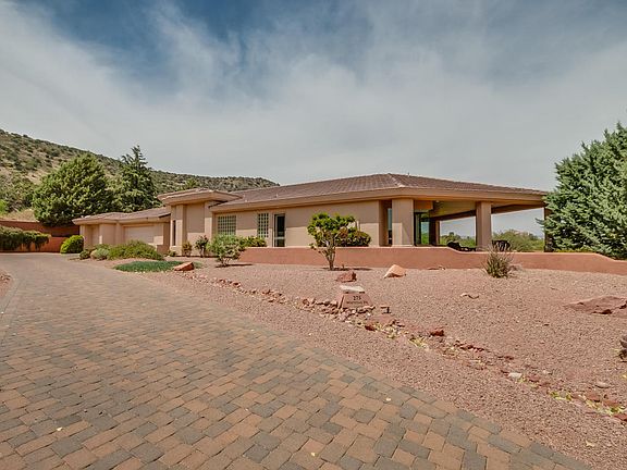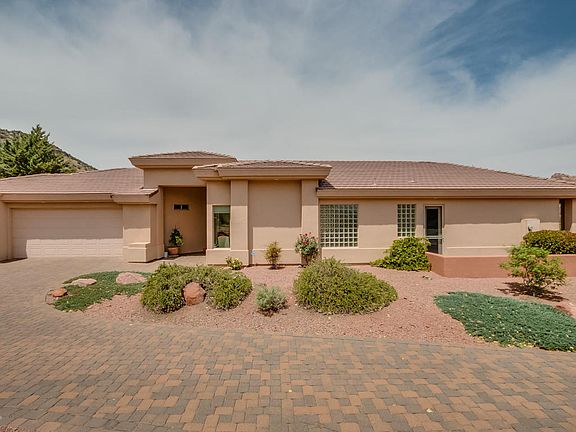 Custom Built in Sedona Golf Resort offering PANORAMIC RED ROCK VIEWS on one level featuring 2907 sq ft, 4 bdrm, 3 bth SPLIT Floorplan and 3 car garage. Great room w/ fireplace, kitchen & dining room boast picture windows to breathe in red rock views. Separated family room for media or reading. Gourmet Kitchen highlights corian counters, double ovens, gas cooktop, built in buffet, island, built in desk. SPACIOUS master retreat delights w/ views, enclosed camode, separate vanities, separate soaking tub and shower & walk in closet. Escape outside to the covered OUTDOOR LIVING ROOM for outdoor entertaining to marvel at the views or for star gazing. The pond brings solace after long excursions on the hiking trails & rounds of golf.This home is at the end of a beautiful paver drive.A MUST SEE!
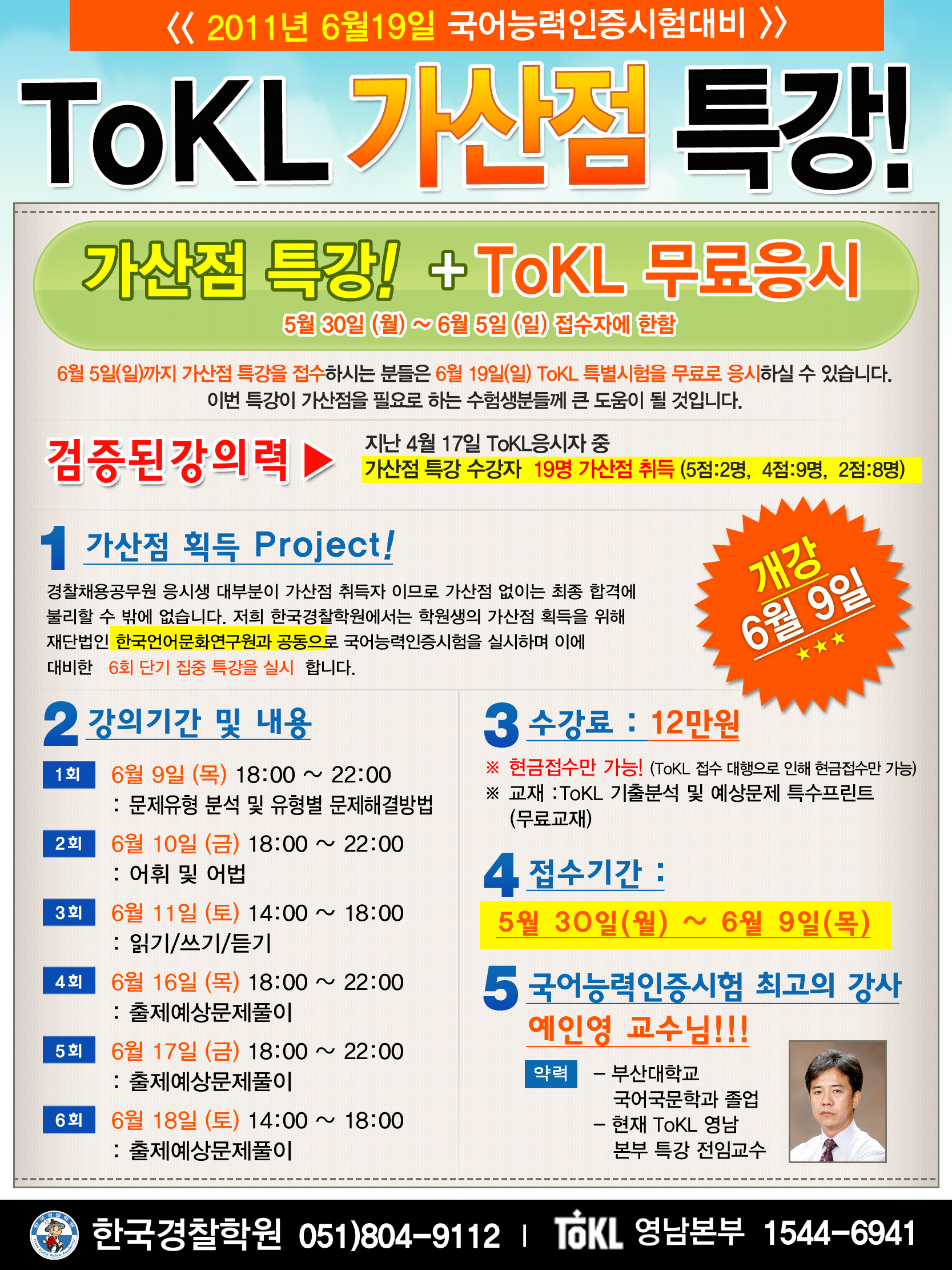 글제목 :      [국어능력인증시험] 6월 19일(일) 특별시험 대비 가산점 특강 안내
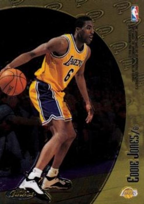 The Eddie Jones 1998 Topps Finest #M20 Mystery Finest card is 1 of 12 Eddie Jones' card variations in the 1998 Topps Finest set being tracked by Sports Card Investor, including Base, Base - No Coating, Refractor, Refractor - No Coating, and Promos.
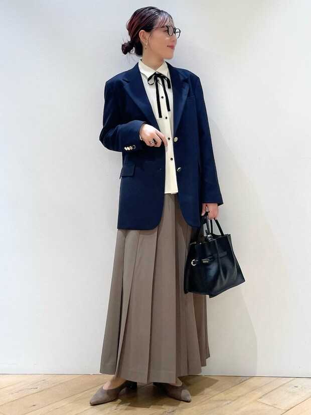 定番のプリーツスカートは、今年は「幅広」がトレンド!
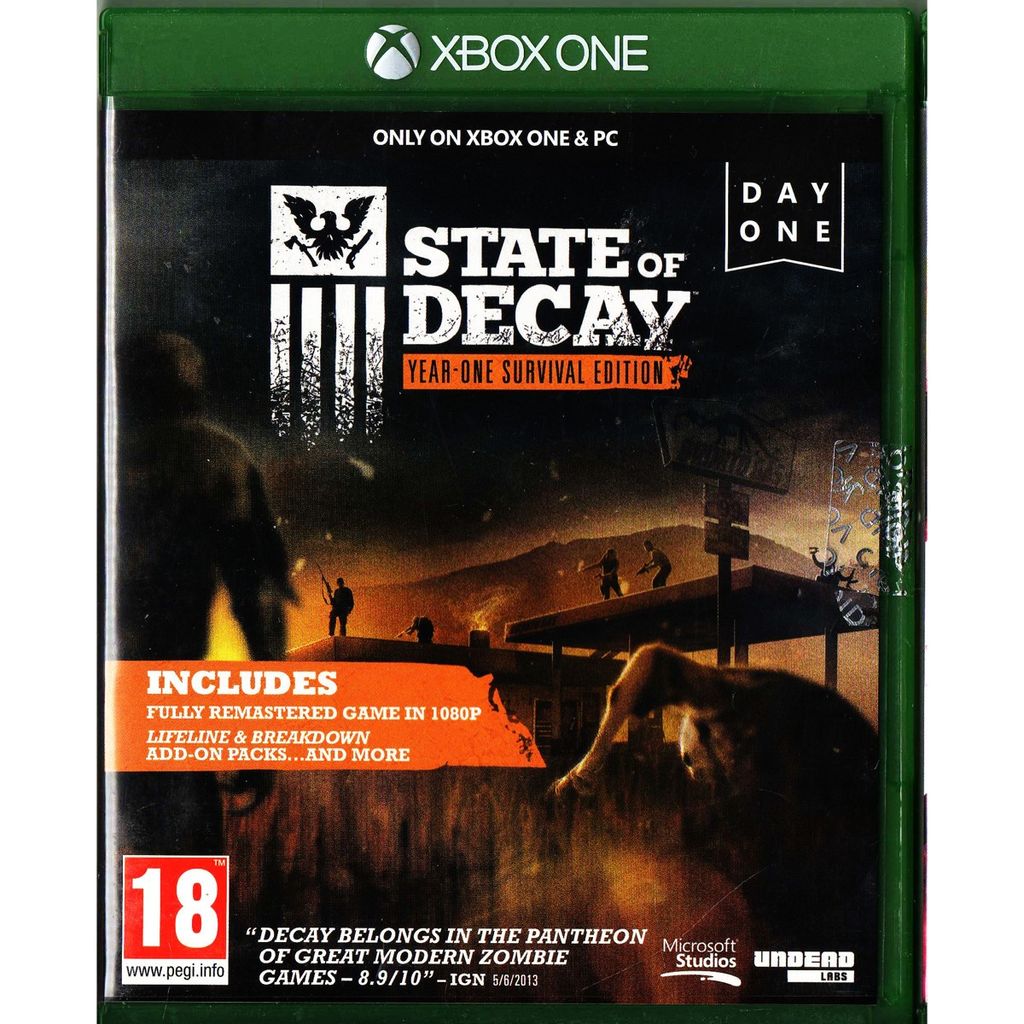 State of Decay: Year One Survival Edition tar den hyllade zombie- och överlevnadsserien till Xbox One. State of Decay, tillsammans med de stora tilläggen Breakdown och Lifeline, är nu omgjort i vacker 1080p-upplösning. Nya uppdrag, vapen och extra innehåll, tillsammans med förbättrade ljuseffekter, texturer, animationer och bättre stridsmekanik, kommer dra dig ännu djupare ned i en pandemidrabbad värld. Hur ska du överleva zombieapokalypsen?
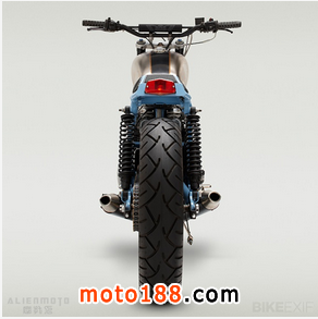 特別值得一提的是,為了和P.K. Ripper的風(fēng)格保持一致,XS650原車的輻條輪轂被更換為和自行車輪轂造型類似的“板輪”(Metzeler ME880前130/80-17, 后140/90-16)。此外,腳啟動桿的設(shè)計也絕對是點睛之筆。來自BMX自行車上的腳踏板完美的變身為“打火棍”。銀色的腳踏板和車身融合的恰當好處,完全沒有違和感。
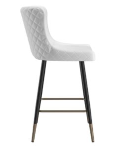 Find perfect, over-sized seating on this mid-century inspired counter stool. The contoured shape and plush, diamond-patterned tufting on the back provide comfort on one side and a dose of style on the other. Black metal legs with the gold dipped detail will provide sturdy support. Great for a casual kitchen setup or a formal basement bar.
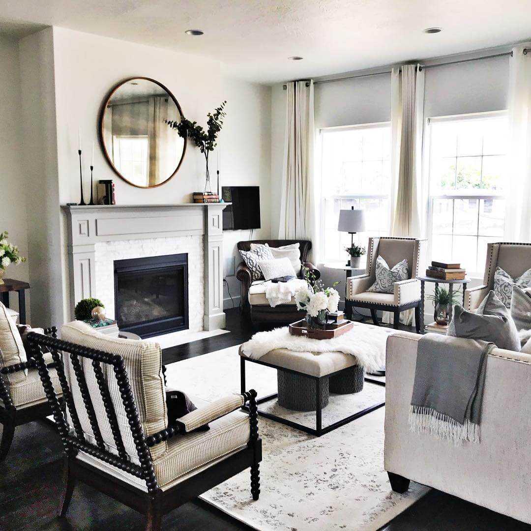 Само собой разумеется, что в уютной белой гостиной необходимо удобное кресло. Что вам больше всего нравится делать в вашей белой гостиной? Читать? Смотреть телевизор? Общаться с семьей или друзьями? Ответы помогут вам определить стиль мебели от формы до размера и композиции. Гостиная — это общая комната, поэтому мебель должна способствовать общению и взаимодействию.

- **Task**: Every line above should be duplicated exactly; the pictures are to be left out.

- **Response**:
 Custom Built in Sedona Golf Resort offering PANORAMIC RED ROCK VIEWS on one level featuring 2907 sq ft, 4 bdrm, 3 bth SPLIT Floorplan and 3 car garage. Great room w/ fireplace, kitchen & dining room boast picture windows to breathe in red rock views. Separated family room for media or reading. Gourmet Kitchen highlights corian counters, double ovens, gas cooktop, built in buffet, island, built in desk. SPACIOUS master retreat delights w/ views, enclosed camode, separate vanities, separate soaking tub and shower & walk in closet. Escape outside to the covered OUTDOOR LIVING ROOM for outdoor entertaining to marvel at the views or for star gazing. The pond brings solace after long excursions on the hiking trails & rounds of golf.This home is at the end of a beautiful paver drive.A MUST SEE!
 글제목 :      [국어능력인증시험] 6월 19일(일) 특별시험 대비 가산점 특강 안내
 The Eddie Jones 1998 Topps Finest #M20 Mystery Finest card is 1 of 12 Eddie Jones' card variations in the 1998 Topps Finest set being tracked by Sports Card Investor, including Base, Base - No Coating, Refractor, Refractor - No Coating, and Promos.
 定番のプリーツスカートは、今年は「幅広」がトレンド!
 State of Decay: Year One Survival Edition tar den hyllade zombie- och överlevnadsserien till Xbox One. State of Decay, tillsammans med de stora tilläggen Breakdown och Lifeline, är nu omgjort i vacker 1080p-upplösning. Nya uppdrag, vapen och extra innehåll, tillsammans med förbättrade ljuseffekter, texturer, animationer och bättre stridsmekanik, kommer dra dig ännu djupare ned i en pandemidrabbad värld. Hur ska du överleva zombieapokalypsen?
 特別值得一提的是,為了和P.K. Ripper的風(fēng)格保持一致,XS650原車的輻條輪轂被更換為和自行車輪轂造型類似的“板輪”(Metzeler ME880前130/80-17, 后140/90-16)。此外,腳啟動桿的設(shè)計也絕對是點睛之筆。來自BMX自行車上的腳踏板完美的變身為“打火棍”。銀色的腳踏板和車身融合的恰當好處,完全沒有違和感。
 Find perfect, over-sized seating on this mid-century inspired counter stool. The contoured shape and plush, diamond-patterned tufting on the back provide comfort on one side and a dose of style on the other. Black metal legs with the gold dipped detail will provide sturdy support. Great for a casual kitchen setup or a formal basement bar.
 Само собой разумеется, что в уютной белой гостиной необходимо удобное кресло. Что вам больше всего нравится делать в вашей белой гостиной? Читать? Смотреть телевизор? Общаться с семьей или друзьями? Ответы помогут вам определить стиль мебели от формы до размера и композиции. Гостиная — это общая комната, поэтому мебель должна способствовать общению и взаимодействию.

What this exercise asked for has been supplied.